El local era nuevo y estaba situado en pleno centro, en una zona frecuentada por artistas de medio pelo y bohemios decadentes. Pero yo no acudía a él por esto sino por las especialidades culinarias que ofrecía. Regentado y trabajado por argentinos, su reducida pero segura carta, me permitía la degustación habitual de empanadas de carne, milanesas a la napolitana o una ración de fugazza, a precios módicos y acordes con los horizontes de crisis que se asomaban inmediatos. Además, sus restringidas dimensiones encerraban, de continuo, a paisanos cuyo hablar melodioso me ponía nostálgico de vivencias pretéritas y celoso de su acento porteño.
Un buen día, el pasado martes 30 de septiembre para ser más concreto, me senté en uno de sus taburetes altos pegado a un ventanal a comerme una empanada y tomarme una Quilmes, con la culpa de ser Rosh Hasahaná y estar ahí sentado en vez de hacerlo, trajeado y perfumado, en uno de los bancos de la sinagoga. Pero no me iban las celebraciones y no me bancaba a determinados elementos de la Colectividad. Mientras mordisqueaba la masa caliente y rellena recién sacada del horno, reparé en la sugestiva presencia de una mina que acababa de entrar y hacía su pedido: una Quilmes, una empanada de queso con tomate y albahaca y otra de pollo. Tendría unos treinta y pocos, morena, tirando a alta, con ojos inteligentes, una melena oscura abundante con tendencia a la ondulación y una conjunción facial que le confería la etiqueta de “sumamente atractiva”. Vestía con un estilo canchero de pantalones Leví’s desgastados y sin cinturón, unos zapatos casi masculinos y una camisa blanca bajo una campera de cuero que evidenciaba su orígen argentino. Tras ojear el exiguo recinto, tomó asiento a una mesa cercana a mí y de su bolso, tan argentino como la campera, extrajo un libro y se puso a leer. No tardó en descubrirme observándola. Al principio, hizo caso omiso de mi involuntaria insolencia hasta que, dada mi insistencia, detuvo la lectura y se me quedó mirando, no con mala cara, pero sí demandando una explicación a mi actitud.
- perdoná, pero me quedé fascinado de que estés leyendo “El rufián moldavo”…..
- ¿sos argentino? – preguntó deduciéndolo de mis usos verbales
- sí, soy porteño….
- ajá...- asintió con la cabeza y añadió - ¿y por qué te sorprende tanto que esté leyendo a Edgardo Cozarinsky?
- porque es un libro que me gustó mucho y la mayoría de la gente que veo leer en el Metro o los bares….lee otras cosas….
- ¿A Best Sellers te referís?
- y a algo peor…..a porquerías
Sonrió y cerró el libro, gestos ambos que me empujaron a acercarme a su mesa.

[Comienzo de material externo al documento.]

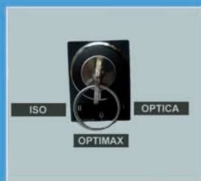
3 modes d'usinage | 3 machining modes

- ¿te importa si me siento?
- para nada….
- Me llamo Carlos
- Yo, Alejandra
Presentados, charlamos un rato acompañando nuestras palabras de un par de rondas más de Quilmes y un milanesa compartida (son enormes) antes de despedirnos. Para entonces, yo ya sabía que su padre era urólogo, que había vivido toda su vida en Villa Crespo hasta su llegada a Madrid hacía tres años, que trabajaba en Publicidad, que vivía sola con un gato, que para Enero iba a cruzar el charco para ver a la familia, que tenía una hermana casada en Israel y que el Destino había sido generoso al ponérmela en el camino y sería muy cruel si me la apartara tan pronto……así que, antes de irme, fingiendo un compromiso familiar ineludible en virtud de disimular el deslumbramiento que me había producido y aparentar cierta mesura y moderación que se contraponía con la efervescencia que sentía, le pregunté con intención…
- ¿voy a volver a verte?
- Sí querés, sí - me dijo con naturalidad, como si la respuesta fuera obvia
- Que así sea, entonces – sentencié sin caer en la habitualidad de pedirle el teléfono o tener que ofrecerle el mío – chau entonces, me alegro de haberte conocido….
- Yo también…..ah, y Shaná tová
- ¿Cómo sabés? – la inquirí sorprendido parado junto a la puerta
- Porque se te nota – declaró con una enorme sonrisa
- Ah – dije, y salí por la puerta, sin entender, pero feliz como un idiota, creyendo que estas cosas sólo pasaban en las novelas o las películas.